I won’t rank my top ten coaching memories from this decade, but instead will list them in chronological order. If you are reading this as a word file, you can click on the hyperlinks for more details about the event.
I’d never really followed the discus much as a coach. Before 2000, a high schooler throwing the discus 140 feet was pretty darn good to me. That all changed with Tony. When Tony threw, the discus just soared and soared like a Frisbee. All season long meet officials didn’t believe me when I warned them that we had a kid who could throw the discus over their boundary flags. This was most apparent on an April evening at UC Davis. Tony nearly hit the official with his 182-11 toss (fourth best in the state at that point in the season). We had to help the official mark the throw because he was more focused on getting out of the way than spotting the landing of the throw. Tony went on to throw a best of 194-4 (I missed this throw because Shannon Rowbury had an 800 race at the same time) and placed sixth at the State Meet.
June 2001 – Shannon Rowbury winning the State Meet 800.
Shannon and I shared a lot of great moments when she was in high school (Arcadia 800 win, Outdoor Nationals win, State Champion in the 1600) but her first State Championship stands out in my mind as special above the others.
April 2002 – The Varsity Boys beating Mitty in a dual meet.
It had been at least ten years since SHCP’s Varsity Boys had won a dual meet. We targeted April 17, 2002 as our chance to end the streak. It was a back and forth battle and it all came down to our victory in the 4X400 Relay.
The dream of getting the boy’s team to State Meet started two years earlier. It was a tight battle between six schools for the four qualifying spots. Our theme was “Be a hero and let’s get to that big dance in Fresno.”
A week before the race I announced that I would run 7:20 pace for the first seven miles of the race to help people hit their goal of a 1:36 half marathon. I had a good-sized group of runners and I was really proud when everyone came in at or under their goal time. It was during this run, from mile four to six, that Sara Saba and I discussed how to go about fielding a Pamakid women’s cross country team in the near future. Less than three short years later, the Pamakids cross country team grew to include men and women, open and masters.
May 2007/May 2009 – Coaching the whole kid, not just the athlete.
A high school coach is tasked with more than making someone successful in sport. I am proud to have played a role in the development of two special people: James Mabrey (2007) and Tammia Hubbard (2009). Both of these individuals came to SHCP thinking that they were basketball players. They faced numerous challenges but through our hard work they were successful in school and ended their high school careers as league champions.

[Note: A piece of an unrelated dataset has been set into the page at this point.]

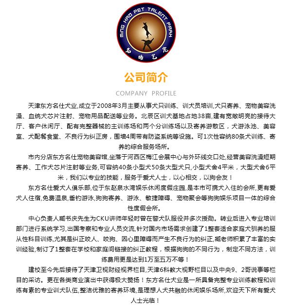 天津东方名仕犬业,成立于2008年3月主要从事犬只训练、训犬员培训,犬只寄养、宠物美容洗澡、血统犬芯片注射、宠物用品配送等业务。

I was coaching Michelle in her first year after finishing college. After she ran a fast time at the San Jose Rock ‘n Roll half marathon, her goal changed from just running a marathon to going for a sub-2:47.
Everything happened fast from early-May to early-July. Shannon was home in San Francisco training for the Olympic Trials and I volunteered to help her in any way that I could. For the most part that meant meeting her at the track to help her do Coach John Cook’s workouts and talking to her about anything and everything. There was a bit of a media blitz as Shannon went from chasing the “A” standard to being the favorite to win. It was all a brand new experience for me – especially the priceless moment: watching the kids you coached in high school make the Olympics!
December 2009 – Seeing Pamakids succeed at CIM.
It was a wildly successful day for the Pamakids at CIM – all three relay teams placed second in their division (thanks in part to the now famous meet sheet). In addition there were numerous PR’s among the thirteen Pamakid marathoners and all four people that I was coaching achieved their goal of a Boston qualifier.